[Collected data]
^^^^^^^^^^^^^^^^

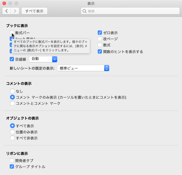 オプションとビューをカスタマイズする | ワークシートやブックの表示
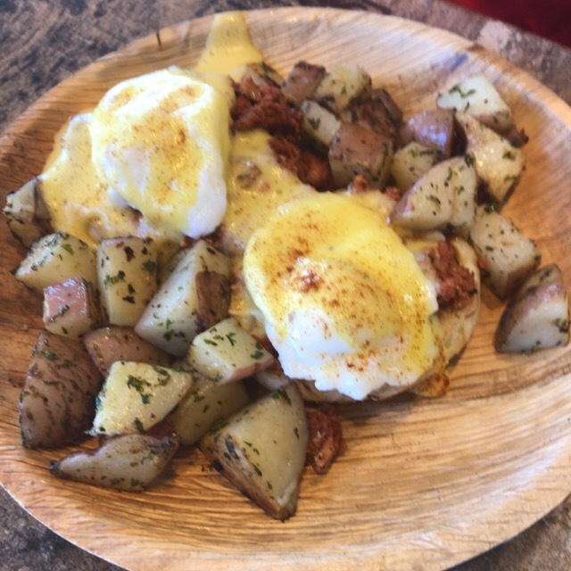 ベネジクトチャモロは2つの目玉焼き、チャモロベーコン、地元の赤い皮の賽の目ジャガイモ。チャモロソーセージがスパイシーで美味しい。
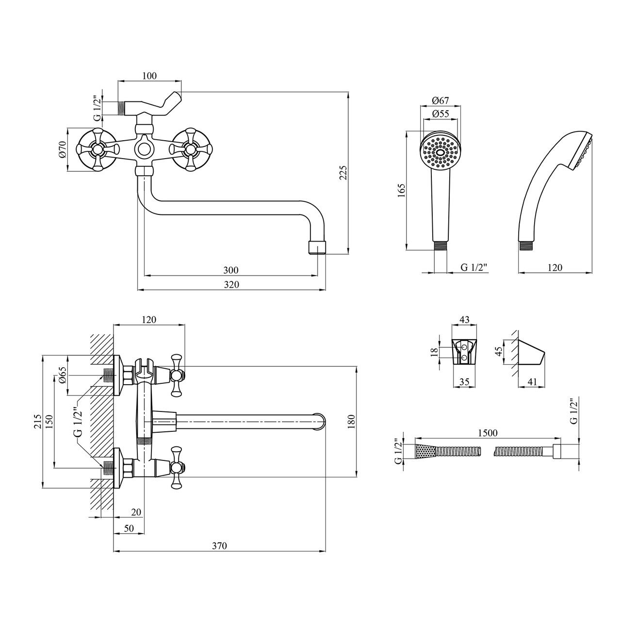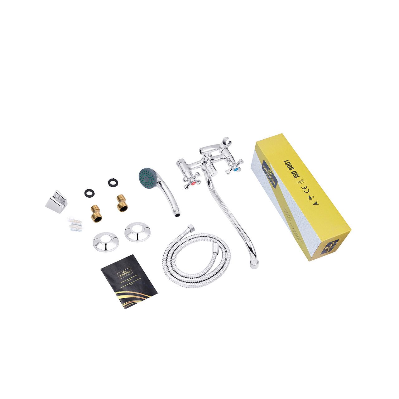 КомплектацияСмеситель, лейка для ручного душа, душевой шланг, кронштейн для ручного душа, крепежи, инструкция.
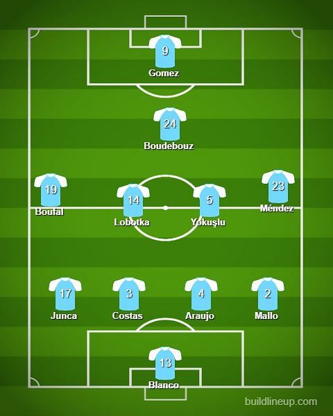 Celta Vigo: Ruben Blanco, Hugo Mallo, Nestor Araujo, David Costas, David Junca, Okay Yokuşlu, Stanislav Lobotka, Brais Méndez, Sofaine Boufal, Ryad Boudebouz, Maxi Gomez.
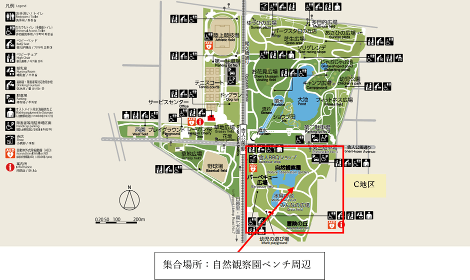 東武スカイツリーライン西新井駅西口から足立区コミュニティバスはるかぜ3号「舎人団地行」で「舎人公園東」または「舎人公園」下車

^^^^^^^^^^^^^^^^

__What to work on__.
Extract, word for word, every line from the one holding "ベネジクトチャモロは2つの目" through the closing line of the data above. Do not include any pictures.

__Expected answer__.
 ベネジクトチャモロは2つの目玉焼き、チャモロベーコン、地元の赤い皮の賽の目ジャガイモ。チャモロソーセージがスパイシーで美味しい。
 КомплектацияСмеситель, лейка для ручного душа, душевой шланг, кронштейн для ручного душа, крепежи, инструкция.
 Celta Vigo: Ruben Blanco, Hugo Mallo, Nestor Araujo, David Costas, David Junca, Okay Yokuşlu, Stanislav Lobotka, Brais Méndez, Sofaine Boufal, Ryad Boudebouz, Maxi Gomez.
 東武スカイツリーライン西新井駅西口から足立区コミュニティバスはるかぜ3号「舎人団地行」で「舎人公園東」または「舎人公園」下車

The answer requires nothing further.